Ellyn Bader

As explained in last month’s article, hidden trauma can be a serious obstacle in your efforts to help partners build stronger, more trusting relationships. We touched on the concept of trauma configurational reflex, which suggests that humans will interpret what’s happening in the present through the lens of the past. Yet when trauma is triggered in therapy, even the most skilled therapist may have difficulty reading the situation at first. 

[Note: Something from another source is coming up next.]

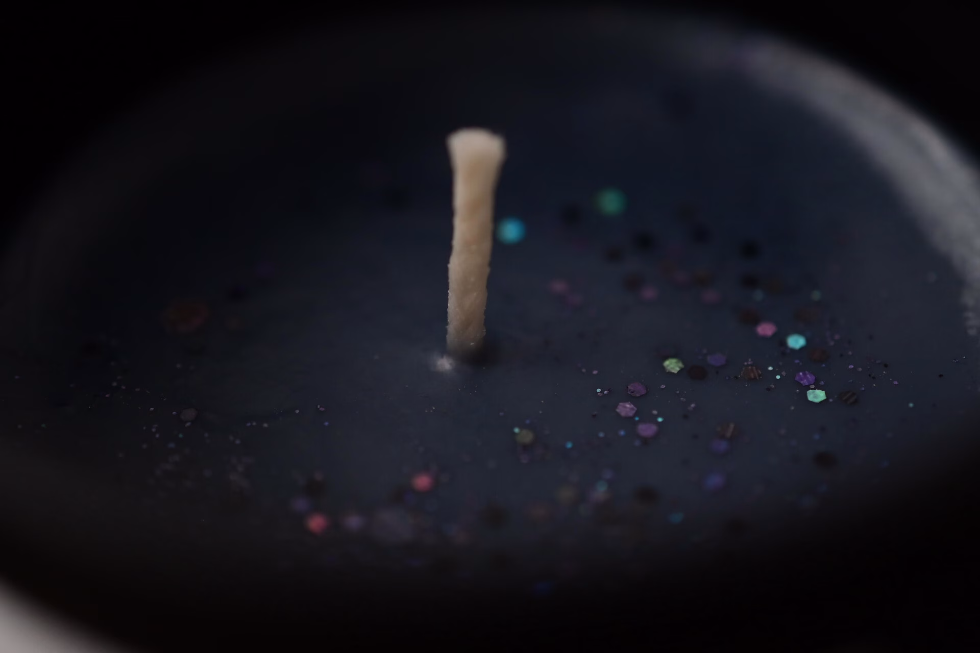 Glitterul cosmos din ceară, integrat cu pasiune în atelierul din Vrancea, evocă modernismul abstract (Wassily Kandinsky, 1920) prin particule strălucitoare ce amintesc de galaxii, reinterpretate subtil în ceară neagră profundă. Paharul negru mat devine nu doar recipient practic, ci vas decorativ iconic pentru living-uri contemporane, birouri executive sau dormitoare zen, unde captează lumina cu magneție, atrăgând privirile și stârnind conversații despre misterul universului.

What makes this difficult? In many cases, partners have suffered in ways that aren’t immediately clear. As counseling begins, you may have learned something about their childhood, culture or significant relationships. But multiple wounds may affect them in unexpected ways, since trauma can include any combination of factors, including: 

  • Cruelty or abuse from a parent, family member, romantic partner, teacher, boss, mentor – or even several people over time
  • Violence suffered directly or witnessed at home, work, or in the community 
  • A terrifying event that left deep physical and emotional scars, such as an accident, a war injury, a long-term illness, or a profound betrayal 
  • Abandonment or neglect stemming from separation, divorce, death, addiction, or virtually any other experience that kept the individual from having normal developmental experiences at a key time in life
  • Financial insecurity that led to hunger, or loss of stable housing or medical care 
  • Constant criticism, gaslighting, or disapproval from someone who should have been a source of love and support 


When one or more sources of trauma are present, the effects may accumulate in a way that can be hard to grasp. This is why experts have created numerous tests and tools to help clinicians construct a clearer picture. These include the Adverse Childhood Experiences scale, which helps predict long-term mental health consequences of an individual’s early experiences. The ACE scale is helpful in understanding complex trauma, in which multiple traumatic events leave adults struggling to achieve a clear sense of self due to profound troubles early in life. 

What you might see when trauma subliminally affects your sessions 

In working with couples, you may feel confused at first when a partner abruptly shifts gears or acts in ways that don’t feel appropriate to the discussion at hand. For example, you might see a partner:

  • Suddenly fall silent or turn away, unable to rejoin the conversation even after ample encouragement is offered 
  • Erupt in anger or dissolve into tears with little provocation
  • Withdraw from the room bit by bit, even while offering shallow responses to any questions you may ask 
  • Launch into an overly detailed story that may feel false, overly enthusiastic, or rehearsed
  • Repeatedly minimize an issue that could have real significance, labeling it as “just something that happened” or “the way things were back then”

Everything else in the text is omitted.